Introduction to Kafka Platform

Topics

Producer writes to a topic. Consumers poll and read the messages from topic. Messages can be read multiple times depending on your retention policy. (Which offsets when you are going to read from)

with Broker

Topics are more efficient when they are on multiple partitions. Those partitions are on one or multiple brokers, which are used for resiliency, because if one broker goes done the messages written / read on the Topic will still be able to be processed by other brokers.

With no keys the messages or record will be sent to the partition using round-robin. If there is a key, it will use this key to define the partition example:

5 partition, message with key = 7 -> <key> mod( <partition> ) = 2 
> Which mean message of key 7 will go to partition 2 in this case.

Replicas

You can set a replica factor so that you will have a replica of each of the Topic partition in the other brokers. Ideally you set it to three, those wil create ISR in sync replicas.

The event is first sent to the leader then when it has committed on the transaction log, the event is sent to the next follower. Replicas are identical up to a specified point called the high-water mark which correspond to the last committed message. After each event processed by the leader it will then rise the high watermark for the replicas to process.

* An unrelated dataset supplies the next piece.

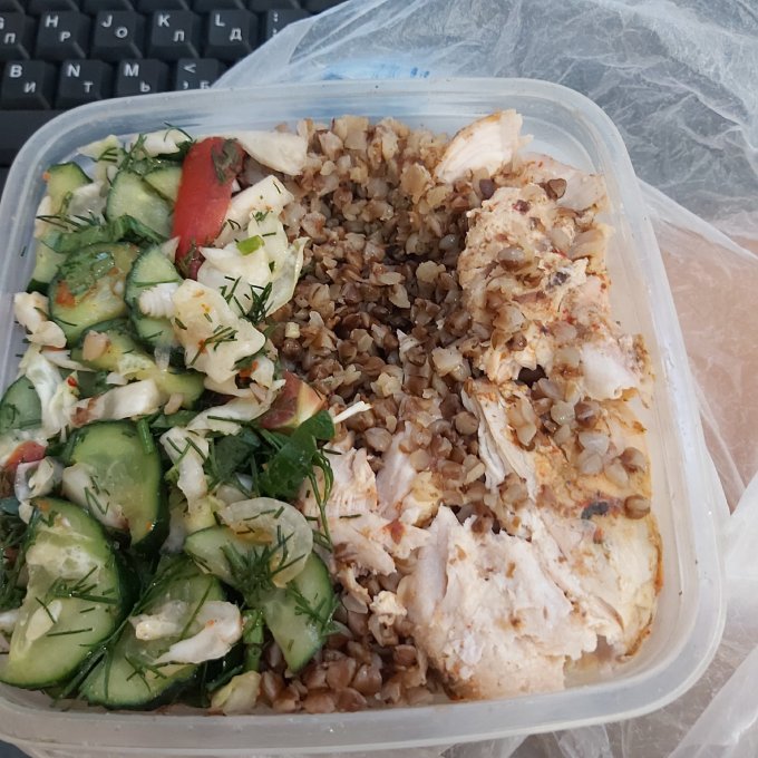 На фото поздний завтрак (12.00) и  обед (15.00) 300гр гречи 300 гр кур грудки 150 салата (вес готового) еще 100 гр тонкого лаваша с коллой зерро как десерт)))

The data retention is made with the segments which are files that stores/logs the events that have been sent on the partition. Messages that are read are said to be committed to the log. So we know which message has been listened to and when. If a consumer fails to read a message, another consumer can review the log to start back at the right event in the queue.

Configuration Elements

ACK -> Acknowledge. There are three settings :

  • acks=0 will not wait for the acknowledgement of the server
  • acks=1 will wait for the leader to write on local log
  • ack=all Producer will wait for all in sync replicas (ISR) to have acknowledged the receipt of the record within delivery time

The retries for the amount of time it will retry (Until MAX_INT). You can set a retry.backoff.ms to pause in between retries. (default to 100ms)

The delivery.timeout.ms puts a limit to report the result or failure from a producer.

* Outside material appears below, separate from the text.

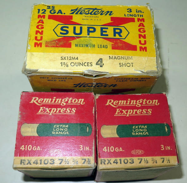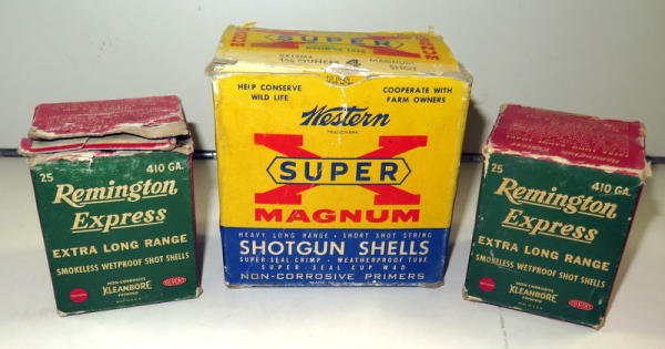 all boxes have some minor wear and missing a couple flaps; 2 boxes look full w/correct ammo, one .410 box only has about 10-rounds of mixed shells; sell for one money

The offset is a simple integer number that is used by Kafka to maintain the current position of a consumer. The auto-offset-reset can be set to:

  • earliest Go through all the record since it lost the offset
  • latest Go from the latest record when the offset is lost

Interact with Kafka

There are usually two types of applications interacting with it:

  • Producers that writes data
  • Customers that read those data and react / transform them

Here is a simple diagram of the major components which you may interact with while using Kafka:

graph TD style Topic fill:#dbb498,stroke:#d98142 PR(Producer) PR -->|Send| PA subgraph Broker PA(Partionner) subgraph Topic P0(Partition 0) P1(Partition 1) P2(Partition 2) end end PA -->|Map| P0 PA -->|Map| P1 PA -->|Map| P2 subgraph Consumer Group 1 P0 --> C0(Consumer 1.0) P1 --> C1(Consumer 1.1) P2 --> C2(Consumer 1.2) end subgraph Consumer Group 2 P0 --> CC0(Consumer 2.0) P1 --> CC0 P2 --> CC0 end

With a Kafka Cluster, you can have multiple broker et replicate your topics.

Producers

Producers publish data (records) to the topics of their choice. The producer is responsible for choosing which record to assign to which partition within the topic. This can be done in a round-robin fashion simply to balance load or it can be done according to some semantic partition function (say based on some key in the record).

Consumers

Consumers label themselves with a consumer group name/id using group.id. Consumer instances can be in separate processes or on separate machines.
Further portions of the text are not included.